January 2, 2014 at 6:07 pm #277986Anonymous
GuestThat’s a really good point, mom3. That is why I am often frustrated! The best I can do is go with what seems to be true, until or unless it is shown to be otherwise. For some that is probably not acceptable. I would rather be open to changing what I believe to reflect the truth as best I can though. This is why I am agnostic! January 3, 2014 at 12:18 am #277987Anonymous
GuestRichard Rorty (an atheist philosopher who was married to an active Mormon) on the subject of truth: Quote:There is no such thing as the search for truth if that search is distinct from the search for greater human happiness.
We call a belief true when no competing truth serves the same purpose equally well.
… To search for truth is to search for beliefs that work. For beliefs that get us what we want.
Full talk:
https://www.youtube.com/watch?v=EjhVk-0Vhmk My notes:
http://manyotherhands.blogspot.co.uk/2013/08/compatibility-of-religion-and-science.html January 3, 2014 at 7:45 am #277988Anonymous
GuestMom3, I think the secular response to your questions is that everything has to be held as somewhat conditional. Nothing physical changed about Pluto. The only thing that changed is how we understand it and how we talk about it. Science is flexible that way—as soon as new evidence comes up to challenge what we previously believed, we have to change our beliefs. But we also can’t commit too strongly to any given belief, because it might turn out to be inaccurate. We have to reserve the right to change our minds based on new evidence. In that way, our beliefs slowly come closer to the truth. The process of gaining knowledge is probably never ending. Mackay11, thanks so much for linking to that video. I remember studying some pragmatism in college and thinking that it was such a radically different way of looking at things that I couldn’t ever get fully behind it. That was back when I was TBM. Shortly after that I became agnostic and started to favor existentialism, in particular Kierkegaard’s idea of the leap of faith.
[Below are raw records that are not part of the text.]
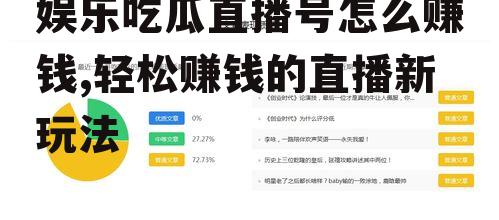 娱乐吃瓜直播号赚钱的秘诀在于:内容优质、互动频繁、广告植入巧妙、电商带货顺畅、会员制度稳定、跨界合作拓展、数据分析精准。只要掌握了这些技巧,相信你也能在直播这条道路上越走越远,收获满满!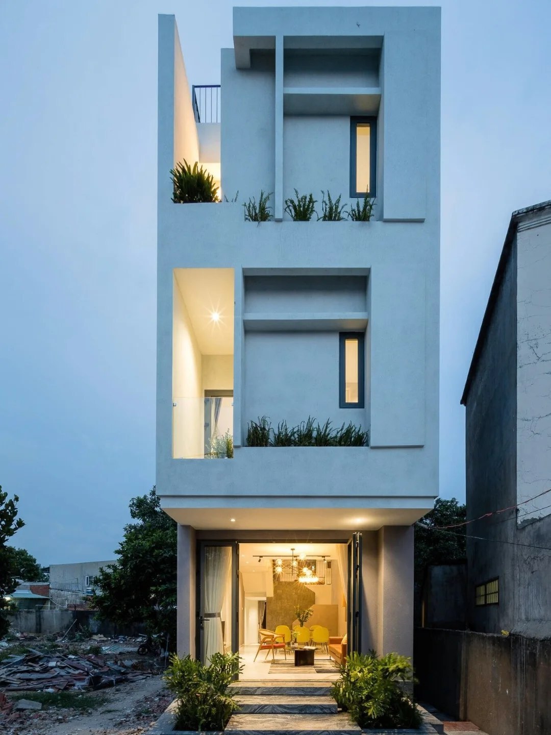 پروژه مسکونی «خانه هوین» که در سال ۲۰۲۰ تکمیل شد، نمونهای از حل هوشمندانه چالشهای تحمیلشده توسط یک زمین بسیار محدود ۵۵ متر مربعی است. مهمتر از آن، این خانه موفق شده است با جهتگیری نامطلوب خود به سمت غرب که در معرض تابش شدید خورشید در بعدازظهر قرار دارد، مقابله کند.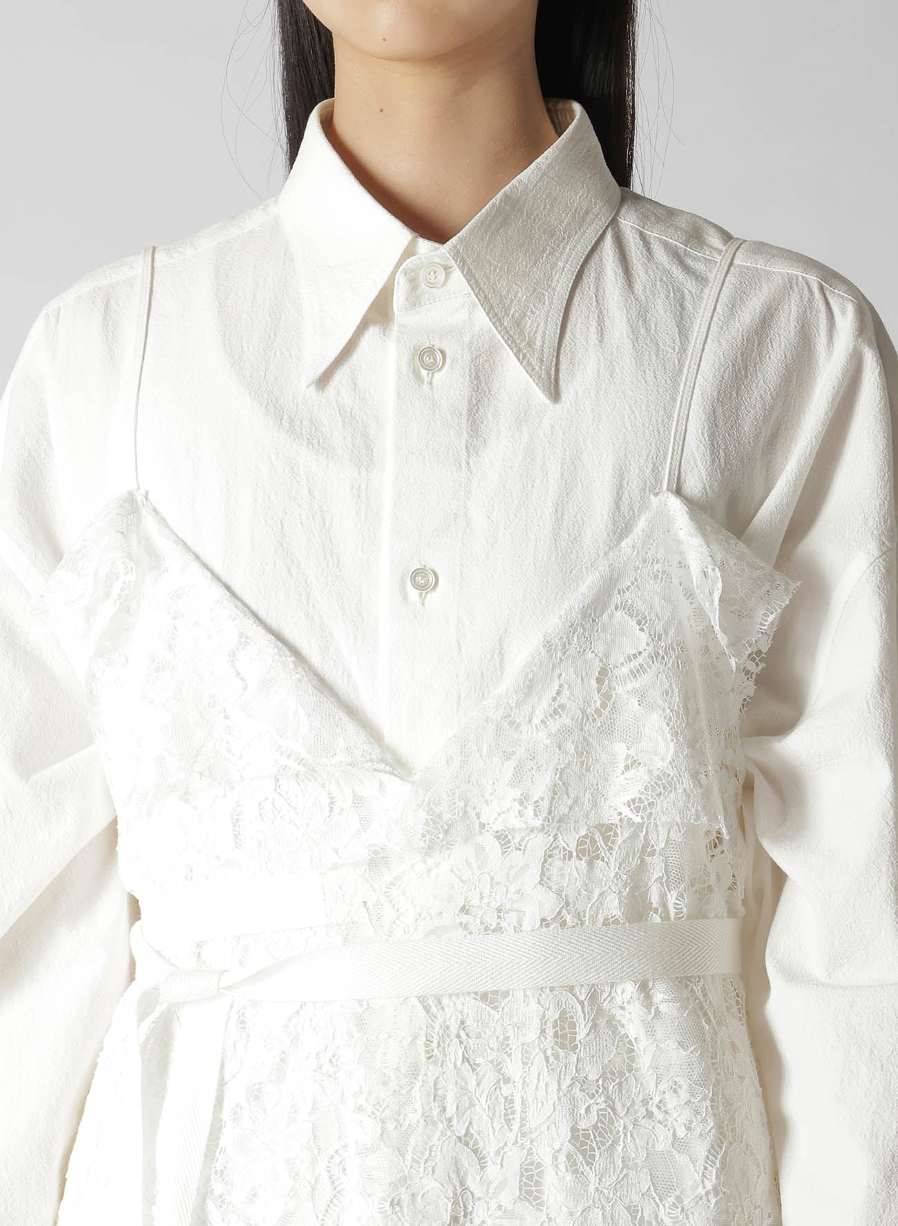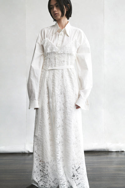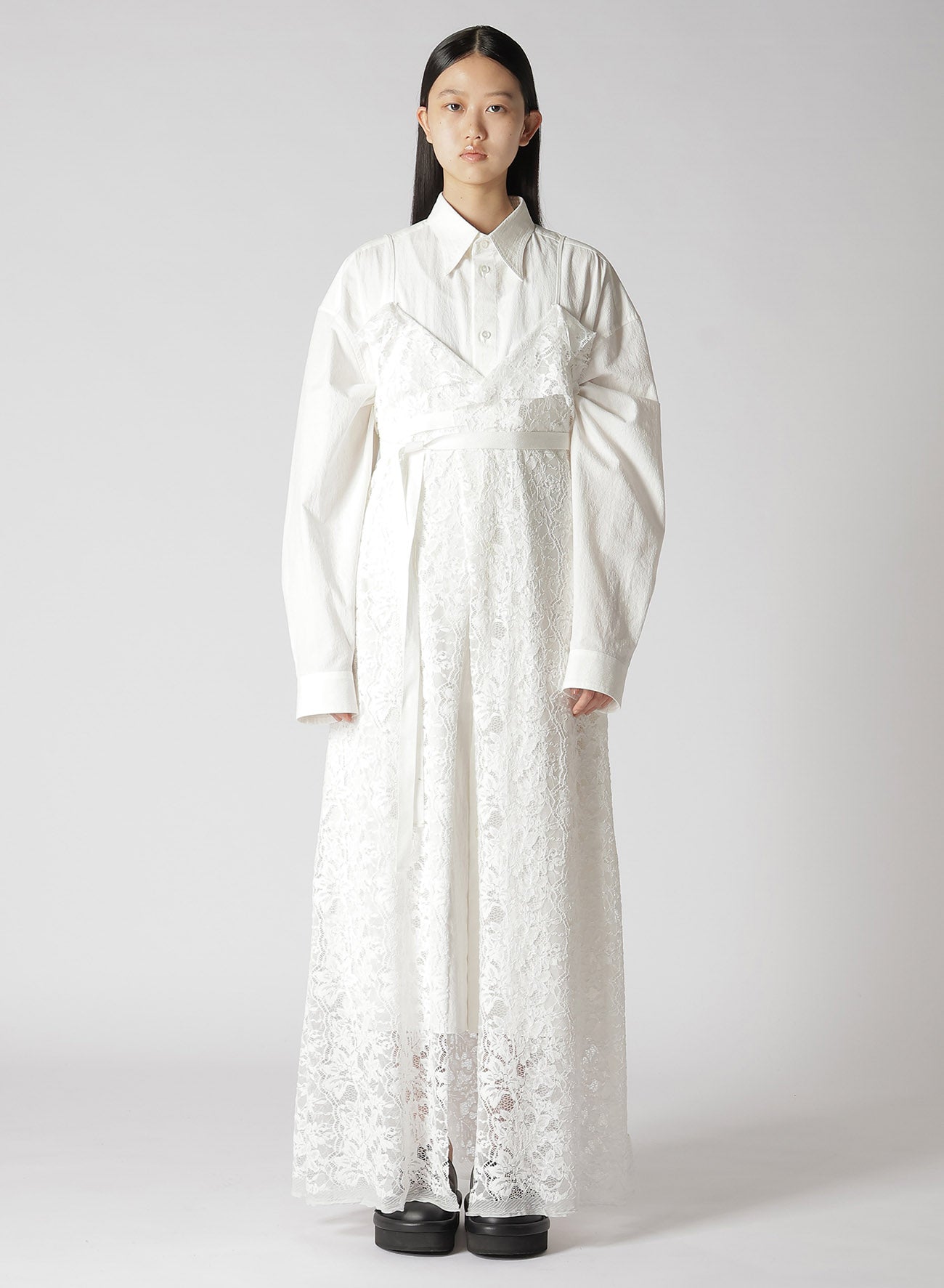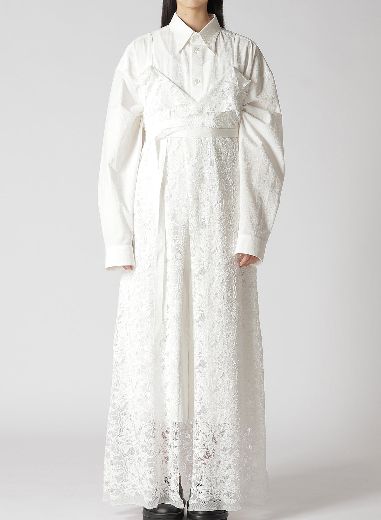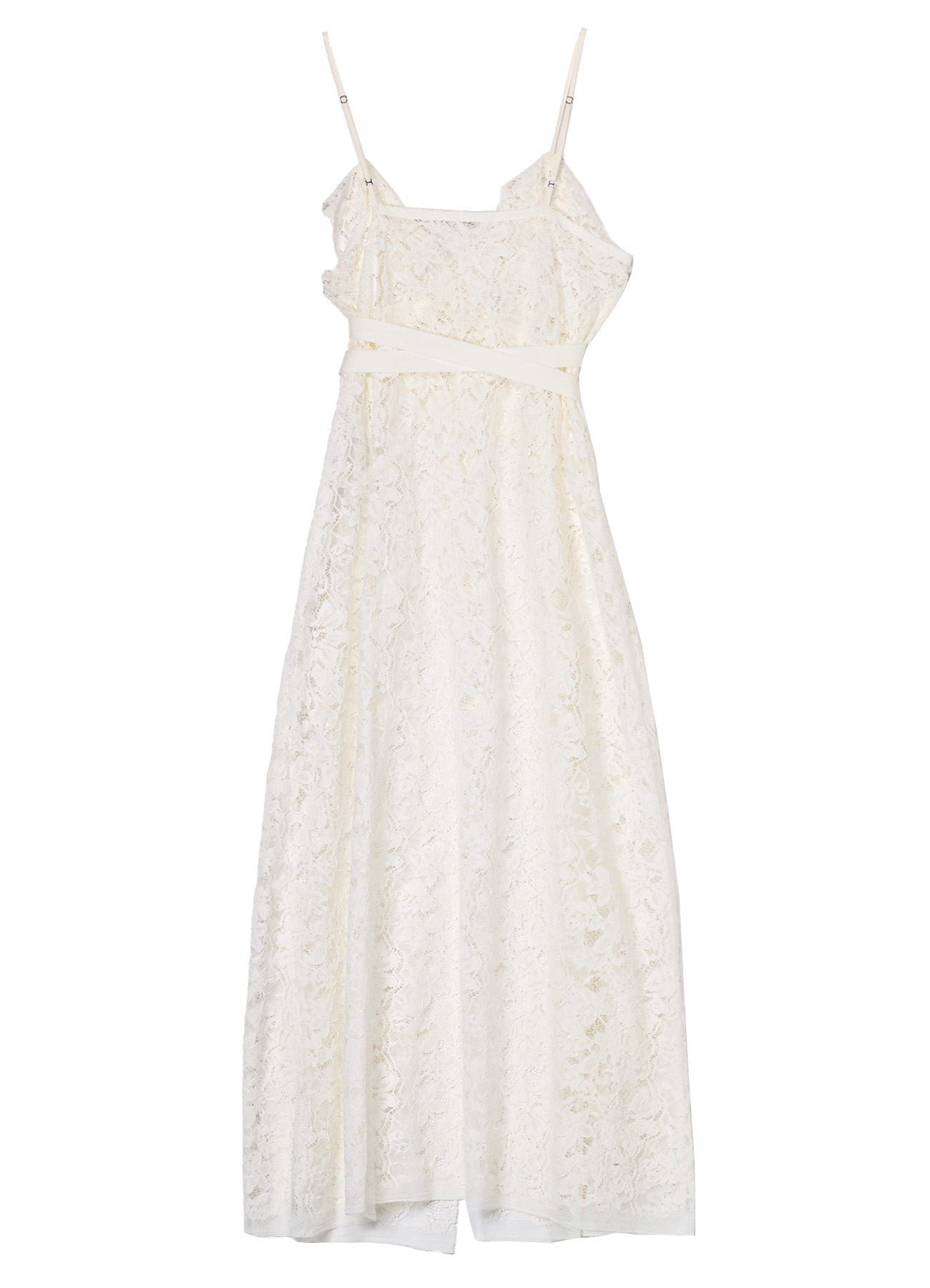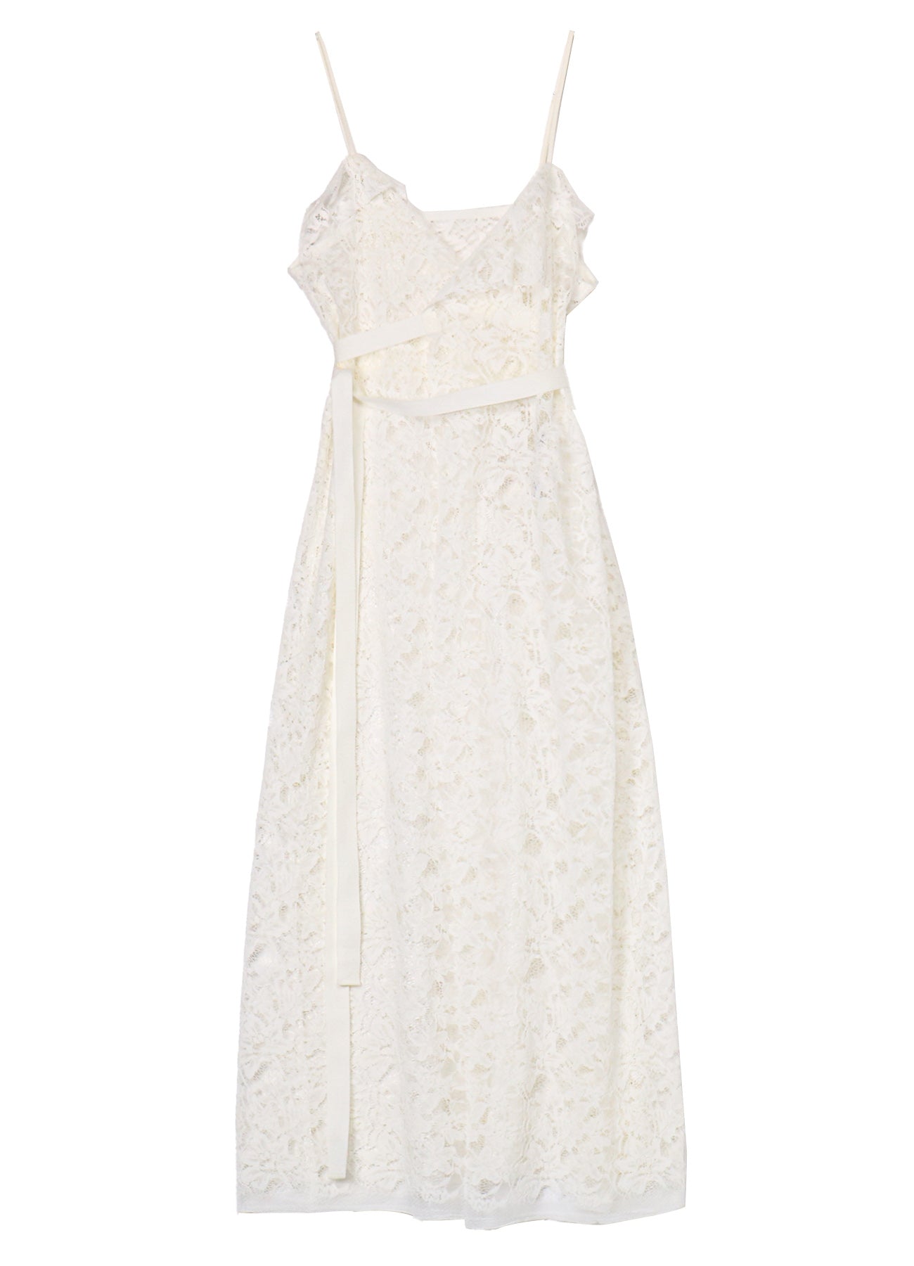 A lace camisole dress with an elegant floral pattern and a refined presence. The regular-fit design maintains a clean silhouette. It is recommended to layer this dress over a blouse or top. Please note that there might be slight variations in size and texture between the sample item and the final product. For more details, refer to SIZE INFO.

It was the only way I felt I could justify believing in God. But Rorty’s talk was really appealing to me. There’s a lot in common between pragmatism and existentialism that I hadn’t realized before.
I like the idea that evidence really only matters within the context of a specific group of people with whom you’re working on a common enterprise. Outside of that group, what matters more is individual happiness, and that’s where religious faith has a legitimate purpose.